> **Assignment**
The stretch wanted below opens at the line containing "梁丽肖系统分析了当前党建工作" and closes at the line containing "Responsible for coming". Please return it exactly, with no other lines.

> **Material provided**
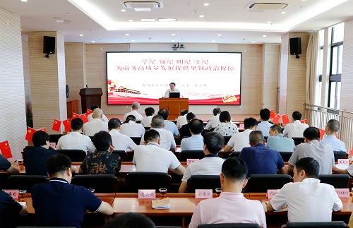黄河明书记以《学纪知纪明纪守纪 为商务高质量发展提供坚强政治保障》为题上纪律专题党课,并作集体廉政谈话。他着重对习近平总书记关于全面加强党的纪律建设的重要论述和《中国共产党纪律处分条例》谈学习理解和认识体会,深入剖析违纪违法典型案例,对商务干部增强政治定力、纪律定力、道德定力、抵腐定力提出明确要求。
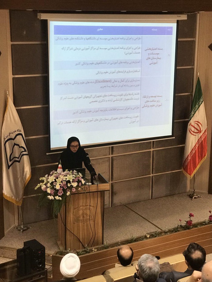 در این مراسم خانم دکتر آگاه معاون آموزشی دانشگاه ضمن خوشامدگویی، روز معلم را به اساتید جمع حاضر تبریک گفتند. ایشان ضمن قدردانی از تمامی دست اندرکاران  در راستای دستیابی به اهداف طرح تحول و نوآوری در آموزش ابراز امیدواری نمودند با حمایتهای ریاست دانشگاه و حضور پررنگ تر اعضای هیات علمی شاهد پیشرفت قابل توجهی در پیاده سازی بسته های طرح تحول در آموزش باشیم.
==
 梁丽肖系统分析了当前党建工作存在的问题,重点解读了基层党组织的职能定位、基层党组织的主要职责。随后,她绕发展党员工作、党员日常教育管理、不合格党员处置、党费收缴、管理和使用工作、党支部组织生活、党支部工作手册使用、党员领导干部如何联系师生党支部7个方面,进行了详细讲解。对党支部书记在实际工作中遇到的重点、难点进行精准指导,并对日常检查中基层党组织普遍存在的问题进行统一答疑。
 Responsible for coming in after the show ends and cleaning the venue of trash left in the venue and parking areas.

> **Written solution**
 梁丽肖系统分析了当前党建工作存在的问题,重点解读了基层党组织的职能定位、基层党组织的主要职责。随后,她绕发展党员工作、党员日常教育管理、不合格党员处置、党费收缴、管理和使用工作、党支部组织生活、党支部工作手册使用、党员领导干部如何联系师生党支部7个方面,进行了详细讲解。对党支部书记在实际工作中遇到的重点、难点进行精准指导,并对日常检查中基层党组织普遍存在的问题进行统一答疑。
 Responsible for coming in after the show ends and cleaning the venue of trash left in the venue and parking areas.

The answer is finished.